» **Work task**
Begin with the line below holding "手が触れた時に「冷たく」感じ" and go on through the line holding "Keeping up with", duplicating each line exactly and leaving out pictures.

(Stored dataset items)

-*-*-

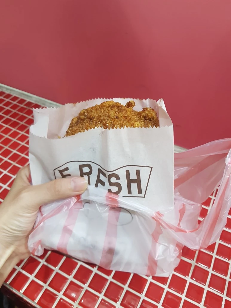 지파이 한 입 먹었는데 약간 매콤하면서도 달달한 맛이 느껴졌다.
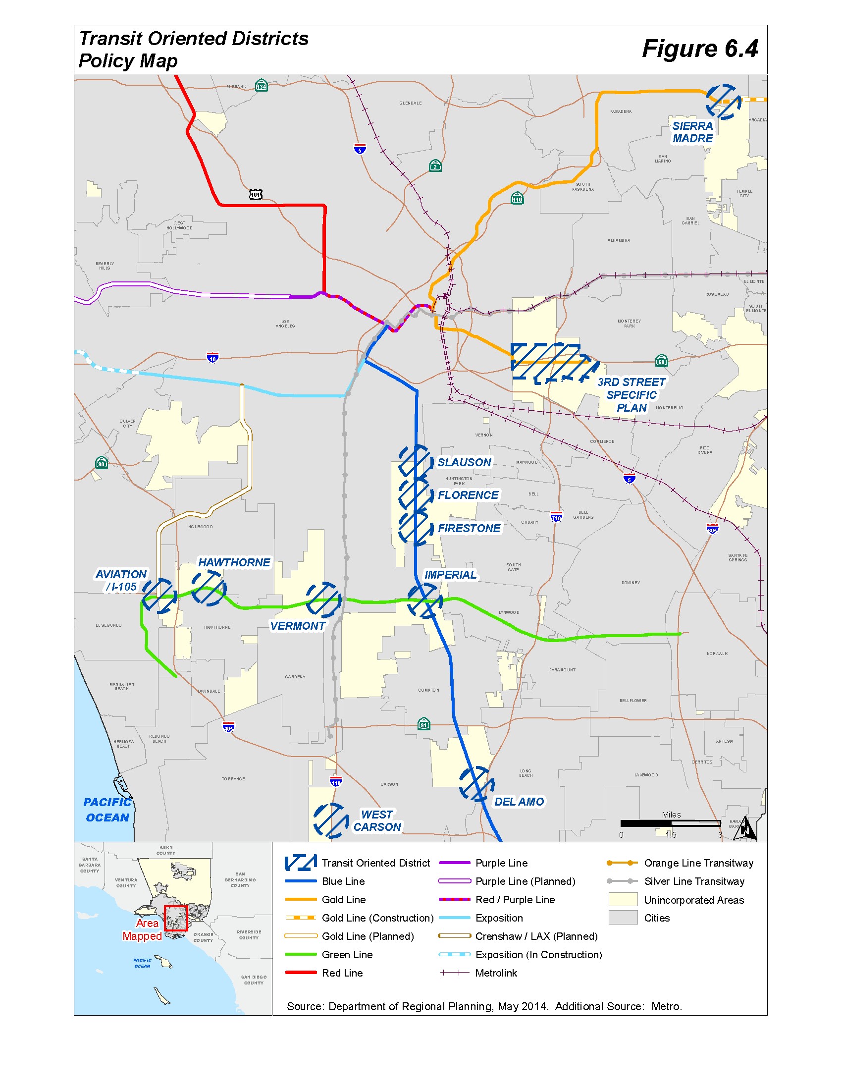 Description: This layer represents the proposed Transit Oriented Districts as depicted in Figure 6.5 in the General Plan 2035. These are urban and suburban areas with access to major transit and commercial corridors that have the most potential for infill development, and are well-suited for higher density housing and mixed uses. With the exception of the East Los Angeles 3rd Street Specific Plan, all of these are 1/2 mile buffers around a major transit stop.UPDATE HISTORY:10/18/18 - Updated for adoption of Willowbrook TOD Specific Plan which went into effect on this date.10/31/19 - Updated for adoption of West Carson TOD Specific Plan which went into effect on this date.7/1/20 - Updated for the adoption of the Connect Southwest LA TOD Specific Plan in West Athens - Westmont.3/10/23 - Updated for the adoption of the Florence-Firestone TOD Specific Plan.4/22/25 - Updated for the adoption of the South Bay Area Plan on 3/11/25 (effective on 4/10/25), adjusting the boundary of the West Carson TOD Specific Plan to include Alpine Village.
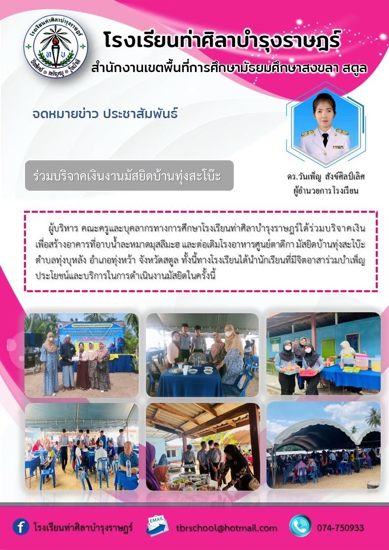ร่วมบริจาคเงิน และจิตอาสาบำเพ็ญประโชน์ ช่วบงานการกุศลมัสยิดทุ่งสะโบ๊ะ
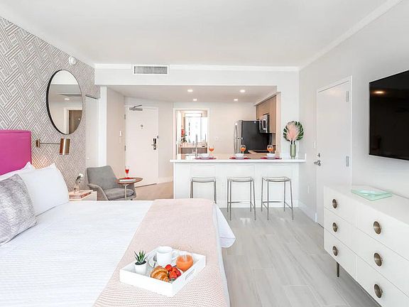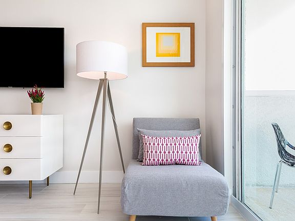 This recently renovated apartment in Coconut Grove offers stunning bay, marina, and ocean views. Enjoy the balcony with outdoor furniture and a fully equipped kitchen with modern appliances, including a Nespresso machine. The apartment features a king-size bed and a futon, providing a comfortable stay. Located in the Arya Hotel, it offers 24-hour security and a front desk, ensuring a safe and welcoming environment. Elegantly furnished and fully equipped, this apartment includes a toaster, coffee maker, and hairdryer. The kitchen boasts a large granite countertop, perfect for preparing meals. Relax in the living area with a smart TV and enjoy high-speed internet and satellite TV with 100 channels. Guests enjoy free self-parking, pool access, hot tub, gym, and squash courts. Room service and dry cleaning are available for an additional fee. Crib and high chair are available upon request. Nestled in a quiet neighborhood, yet steps away from Cocowalk with its shops, restaurants, and cinemas, this apartment is ideally located. A short ride takes you to Brickell, the financial heart of Miami, and other attractions like the Miami Museum of Science, Vizcaya Museum, and South Beach. Guests have full access to the condo and amenities, including the pool and outdoor hot tub on the 8th floor with amazing bay views. The fitness center is located on the top PH floor. Smoking and parties are not allowed, and penalties may apply for violations.
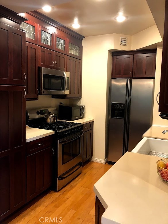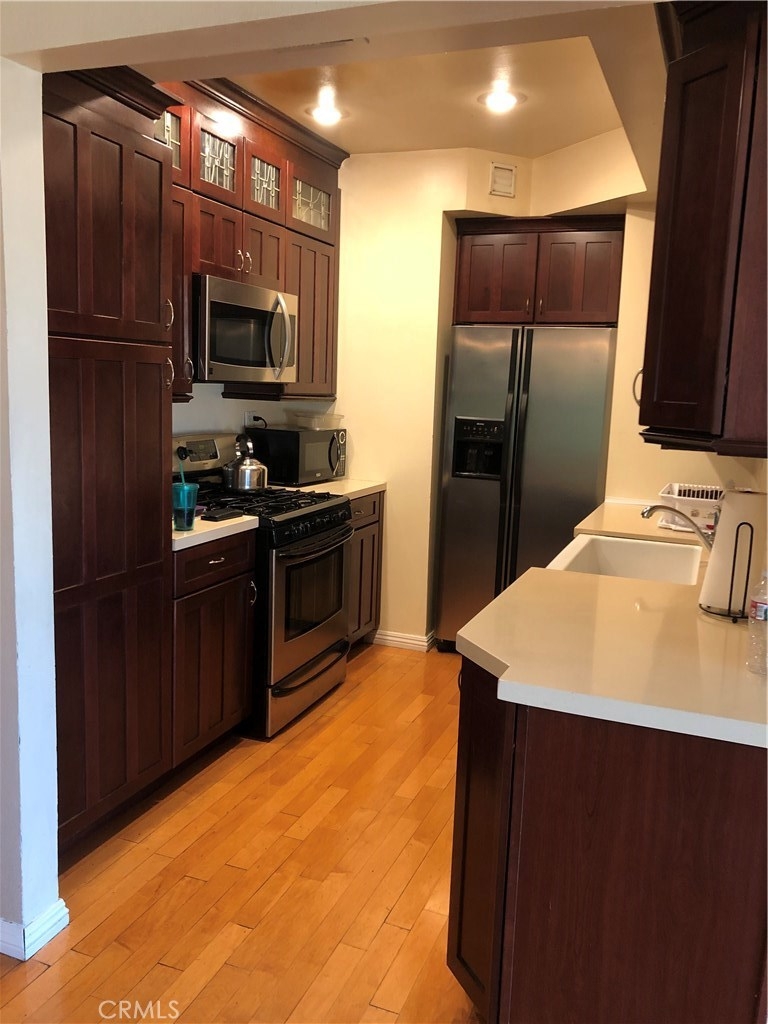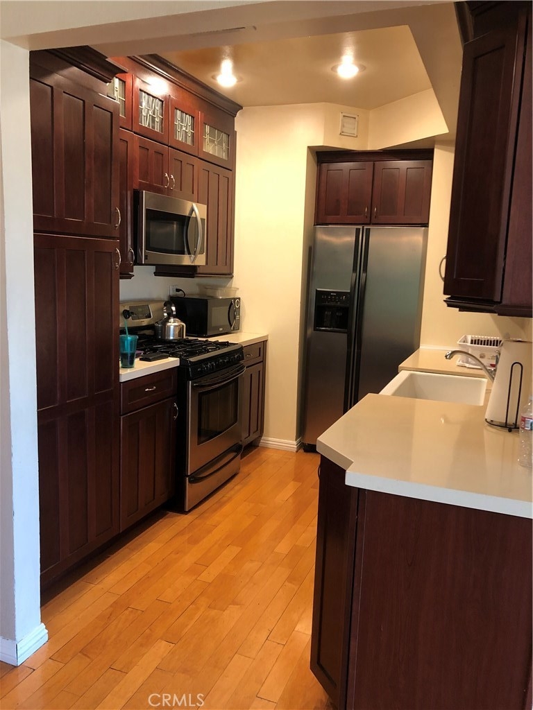 This beautiful condo is well situated and maintained. Close to shopping and dining in the Valley. End unit located on First floor. Custom kitchen cabinets, stone counter tops, hardwood & tile floors. Master Bedroom with walk-in closet! Other amenities include; fireplace, in-unit laundry, balcony and a community recreation/meeting room. Gym, swimming pool and spa. Gated parking for 2 vehicles, and a storage area. A must see!!!
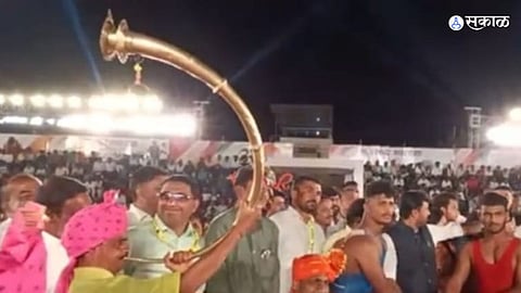 उदगीर : शहरातील तालुका क्रिडा संकुलाच्या मैदानावर स्वर्गीय खाशाबा जाधव चषक राज्यस्तरीय कुस्ती स्पर्धेचे आयोजन करण्यात आले होते. शनिवारी (ता.९)सांयकाळी ७ वाजता स्व. खाशाबा जाधव राज्यस्तरीय कुस्ती स्पर्धेचे उद्घाटनावेळी आजित पवार गटाचे कॅबिनेट मंत्री संजय बनसोडे यांचे आगमन होताच तुतारी वाजवून जोरदार स्वागत करण्यात आले.
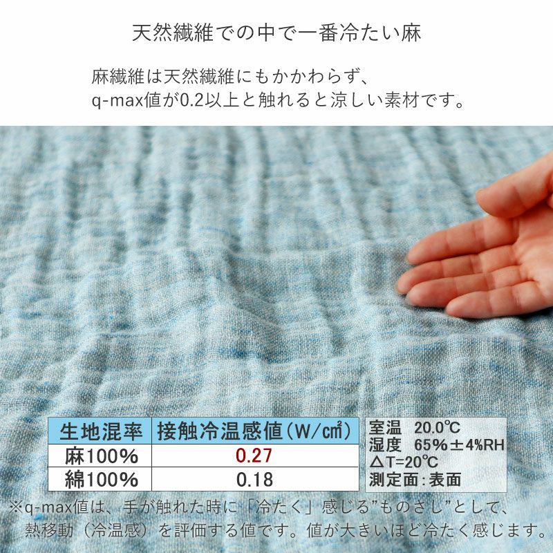 手が触れた時に「冷たく」感じる”ものさし”として、熱移動(冷温感)を評価するq-max値があります。q-max値が大きいほど肌に“接触”したときに冷たく感じます。麻繊維は天然繊維にもかかわらず、この値が0.2以上と触れると涼しい素材です。
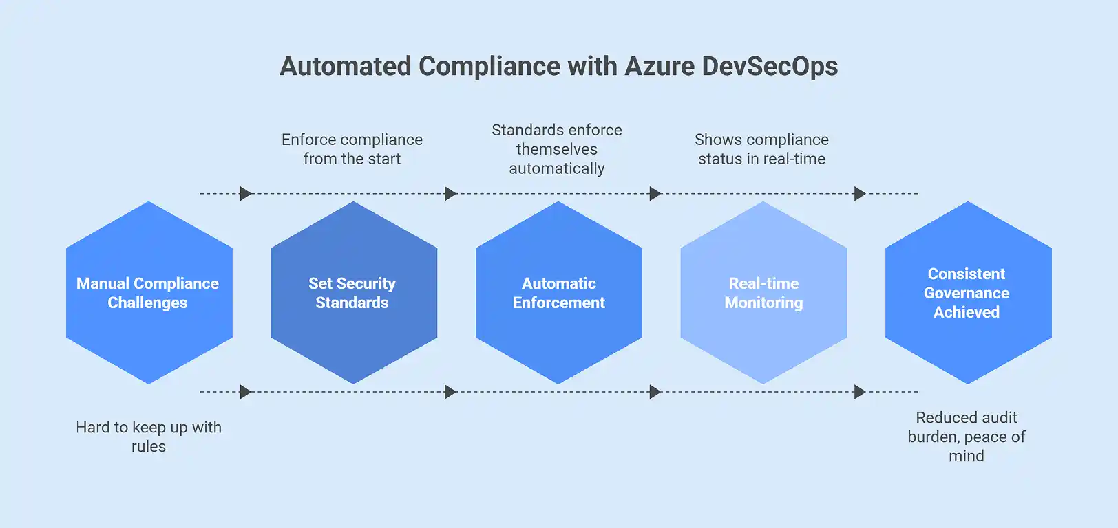Keeping up with rules like GDPR, HIPAA, or SOC 2 can be hard. This is especially true if you are adding new features every day. By use of policy-driven automation, Azure DevSecOps manages compliance.
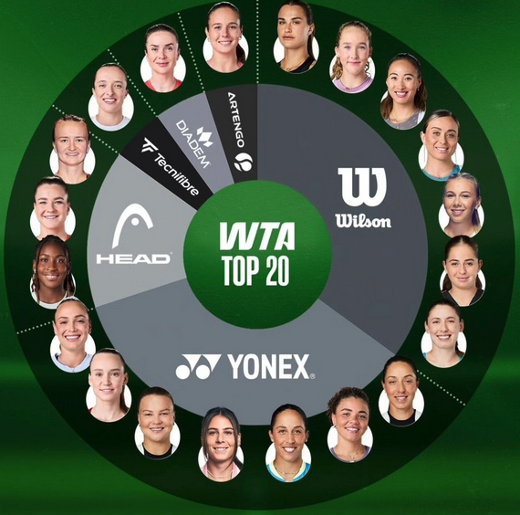 Wilson now accounts for just 3 of the top 20 male players, outpaced by Head (6), Yonex (5), and Babolat (4). Brands like Yonex and Babolat have successfully targeted the new generation with lighter, spin-friendly frames and tech-driven customization—appealing to the faster, more physical game of modern tennis. With Federer retired and few marquee male names carrying the Wilson torch, the brand’s presence on the men’s side has clearly declined.

-*-*-

» **Output for this task**
 手が触れた時に「冷たく」感じる”ものさし”として、熱移動(冷温感)を評価するq-max値があります。q-max値が大きいほど肌に“接触”したときに冷たく感じます。麻繊維は天然繊維にもかかわらず、この値が0.2以上と触れると涼しい素材です。
Keeping up with rules like GDPR, HIPAA, or SOC 2 can be hard. This is especially true if you are adding new features every day. By use of policy-driven automation, Azure DevSecOps manages compliance.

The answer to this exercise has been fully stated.